About this exercise
Keep the pictures out of your copy. Transcribe the records below exactly.

Provided entries
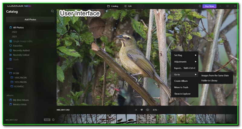 Pokud hledáte jinou alternativu Lightroom, můžete to zkusit Luminární. Stejně jako předchozí software pro úpravu fotografií má Luminar také profesionální uživatelské rozhraní. Kromě toho poskytuje tři různé katalogy, které vám umožní spravovat všechny vaše fotografie.
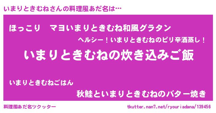 | 意味不明あだ名 | 『住所不定無職いまりときむね(86歳)』 |
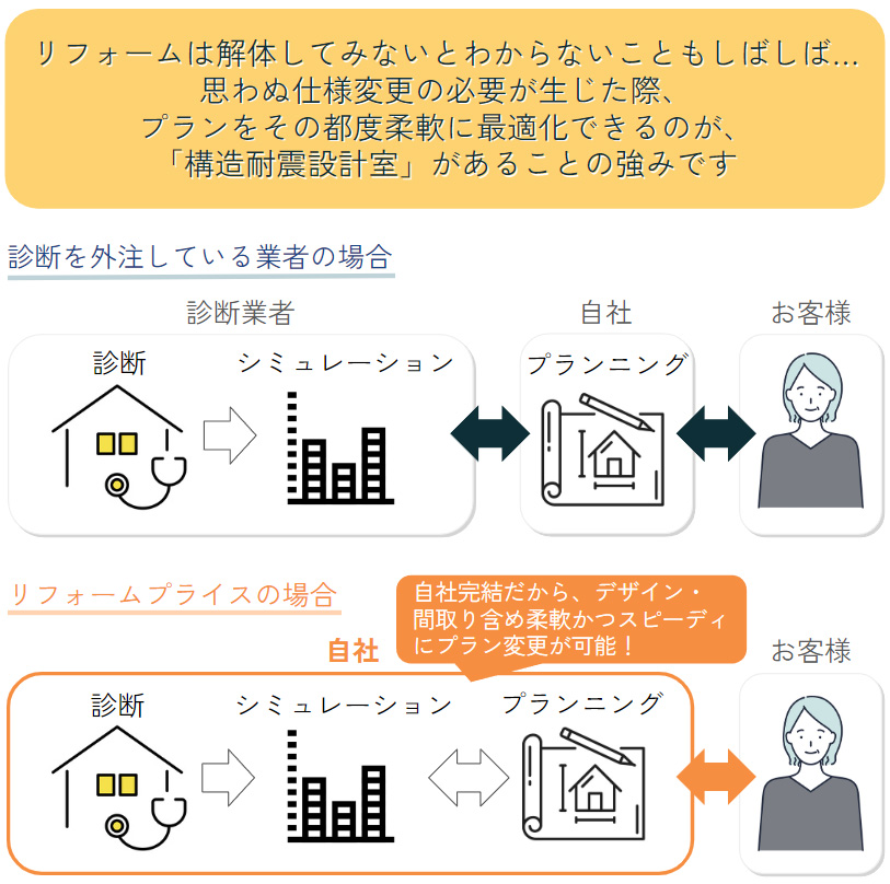 リフォームプライスでは、社内に耐震・断熱設計の専門部署【構造耐震設計室】を置いています。
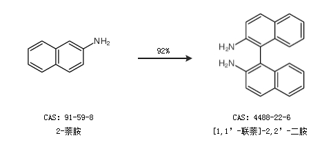 1.通过2-萘胺合成[1,1’-联萘]-2,2’-二胺,收率约92%;
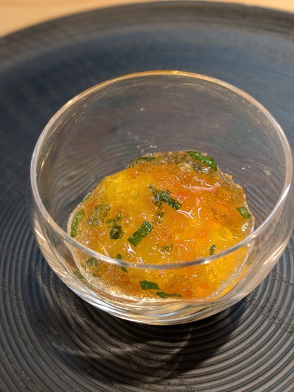 人参と新いくら、コンソメジュレのひと皿

Response
 Pokud hledáte jinou alternativu Lightroom, můžete to zkusit Luminární. Stejně jako předchozí software pro úpravu fotografií má Luminar také profesionální uživatelské rozhraní. Kromě toho poskytuje tři různé katalogy, které vám umožní spravovat všechny vaše fotografie.
 | 意味不明あだ名 | 『住所不定無職いまりときむね(86歳)』 |
 リフォームプライスでは、社内に耐震・断熱設計の専門部署【構造耐震設計室】を置いています。
 1.通过2-萘胺合成[1,1’-联萘]-2,2’-二胺,收率约92%;
 人参と新いくら、コンソメジュレのひと皿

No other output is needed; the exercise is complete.